Should be resolved once #1010 is merged I believe.

defunctio avatar Jul 31 '18 17:07 defunctio

need to revisit this, since that pr was merged.

offlinemark avatar Aug 31 '18 17:08 offlinemark

Issue Status: 1. Open 2. Started 3. Submitted 4. Done

This issue now has a funding of 400.0 DAI (400.0 USD @ $1.0/DAI) attached to it as part of the Ethereum Community Fund via ECF Web 3.0 Infrastructure Fund fund__.__

gitcoinbot avatar Oct 11 '18 18:10 gitcoinbot

💰 A crowdfund contribution worth 50000.00000 CBTX has been attached to this funded issue from @royhodge830.💰

Want to chip in also? Add your own contribution here.

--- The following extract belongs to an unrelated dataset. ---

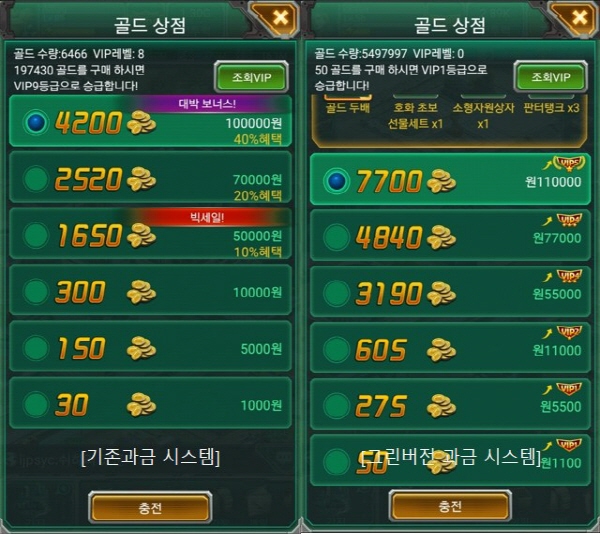 다른 상품 과금 가격도 비슷하게 비율로 조정돼 그린버전에서는 오리지널에 비해 같은 금액을 과금 했을 때 두 배에 가까운 골드를 받게 됐다.

gitcoinbot avatar Oct 11 '18 21:10 gitcoinbot

Issue Status: 1. Open 2. Started 3. Submitted 4. Done

Workers have applied to start work.

These users each claimed they can complete the work by 11 months, 2 weeks from now. Please review their action plans below:

1) joinstackinc has applied to start work (Funders only: approve worker | reject worker).

Would love to write a documentation for how to execute a bytecode-only Ethereum contract... Would treat the two scenarios presented.

Learn more on the Gitcoin Issue Details page.

gitcoinbot avatar Oct 12 '18 15:10 gitcoinbot

@writeprovidence could you please go a bit more into detail for your plan of attack when you have a moment? Thanks! 👍

mkosowsk avatar Oct 14 '18 02:10 mkosowsk

💰 A crowdfund contribution worth 40.00000 DAI (40.0 USD @ $1.0/DAI) has been attached to this funded issue from @.💰

Want to chip in also? Add your own contribution here.

gitcoinbot avatar Oct 16 '18 11:10 gitcoinbot

@writeprovidence Hello from Gitcoin Core - are you still working on this issue? Please submit a WIP PR or comment back within the next 3 days or you will be removed from this ticket and it will be returned to an ‘Open’ status. Please let us know if you have questions!

  • [x] warning (3 days)
  • [ ] escalation to mods (6 days)

Funders only: Snooze warnings for 1 day | 3 days | 5 days | 10 days | 100 days

gitcoinbot avatar Oct 18 '18 16:10 gitcoinbot

still on it

writeprovidence avatar Oct 18 '18 20:10 writeprovidence

I'm really sorry @mkosowsk I have to stop work on this issue.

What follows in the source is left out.